С девизами непосредственно связаны эмблемы, которые либо наглядно их иллюстрируют, либо находятся с ними в той или иной связи по смыслу, как, например, суковатая палка — с девизом "Je l'envie" ["Вызываю"] и дикобраз — с девизом "Cominus et eminus" ["Издали и в упор"] Людовика Орлеанского, струг — с девизом "Ic houd" ["Принимаю"] его противника Иоанна Бесстрашного или огниво Филиппа Доброго[18]. Девиз и эмблема относятся к сфере геральдики. Герб для человека Средневековья означает нечто большее, чем удовлетворение пристрастия к генеалогии. Геральдическое изображение обладало в его сознании значением, приближающимся к значению тотема[19]. Львы, лилии и кресты становятся символами, в которых весь комплекс фамильной гордости и личных стремлений, зависимости и ощущения общности запечатлен образно, отмечен как нечто неделимое и самостоятельное.
Потребность изолировать каждый отдельный случай как нечто существующее самостоятельно, рассматривать его как идею выражается в Средневековье в повышенной склонности к казуистике. В свою очередь, она вытекает из широко распространенного идеализма. Любой возникший вопрос должен получить идеальное разрешение — стоит только познать должное соотношение между частным происшествием и вечными истинами; соотношение же выводится, если к фактам приложить формальные правила.
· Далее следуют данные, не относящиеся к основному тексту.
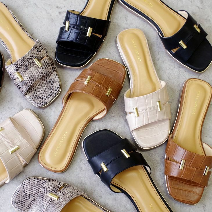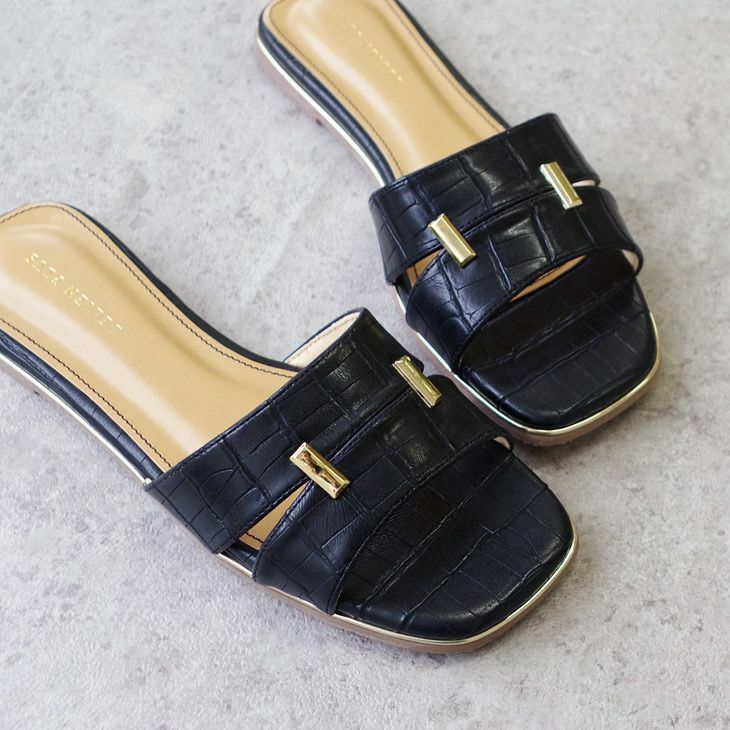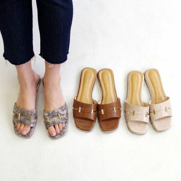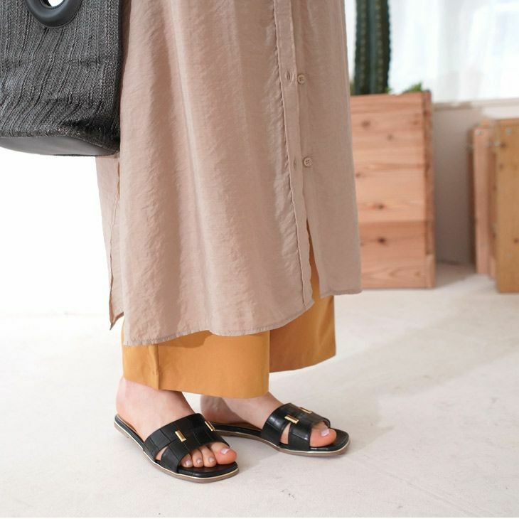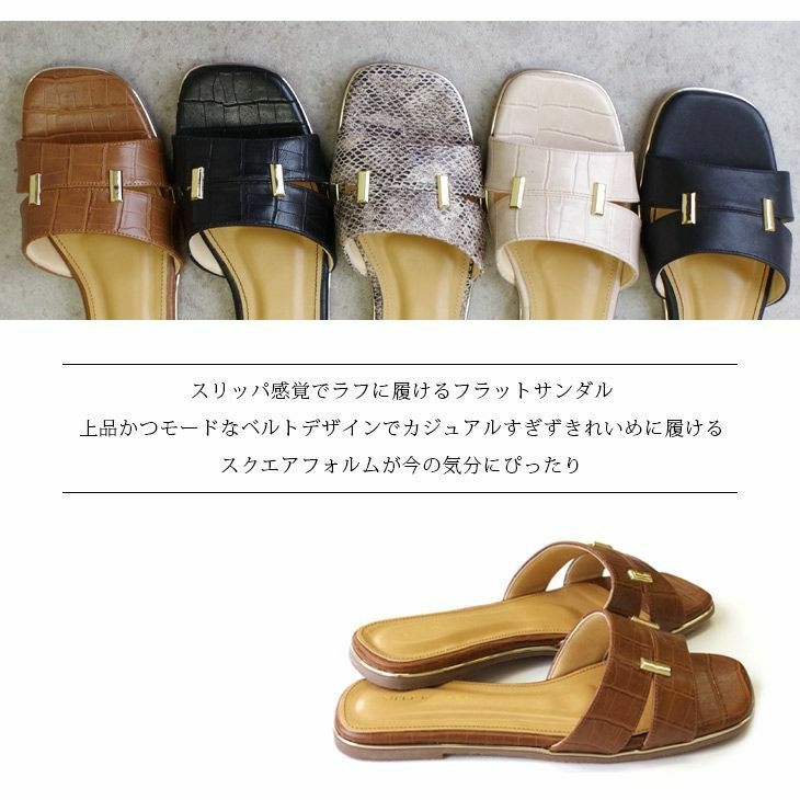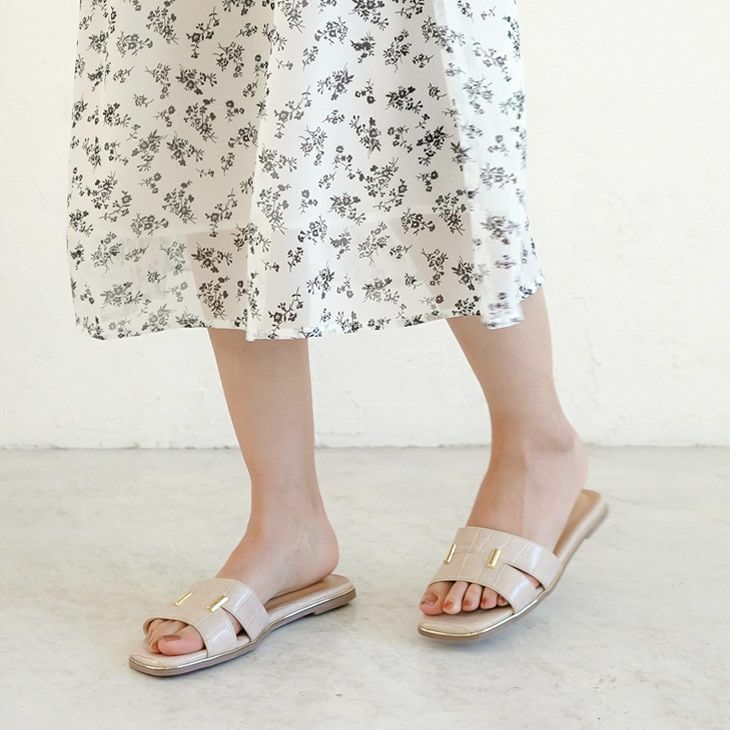 大人の女性にも履いていただけるきれいめなぺたんこサンダルは、一足は持っておきたいアイテム。

Так решаются не только вопросы морали и права; казуистический подход господствует, помимо этого, и во всех прочих областях жизни. Повсюду, где главное — стиль и форма, где игровой элемент культуры выступает на первый план, казуистика празднует свой триумф. Прежде всего это относится ко всему, что связано с церемониалом и этикетом. Здесь казуистический подход вполне на своем месте; здесь он — как одна из форм мышления — адекватен соответствующему кругу вопросов постольку, поскольку речь идет лишь о цепи событий, устанавливаемых достойными уважения прецедентами и определенными формальными правилами. Это же относится к турнирам или охоте. Как уже упоминалось ранее[20], понимание любви как эстетически прекрасной социальной игры, как стилизации со своими правилами и формами также создает потребность в изощренной казуистике.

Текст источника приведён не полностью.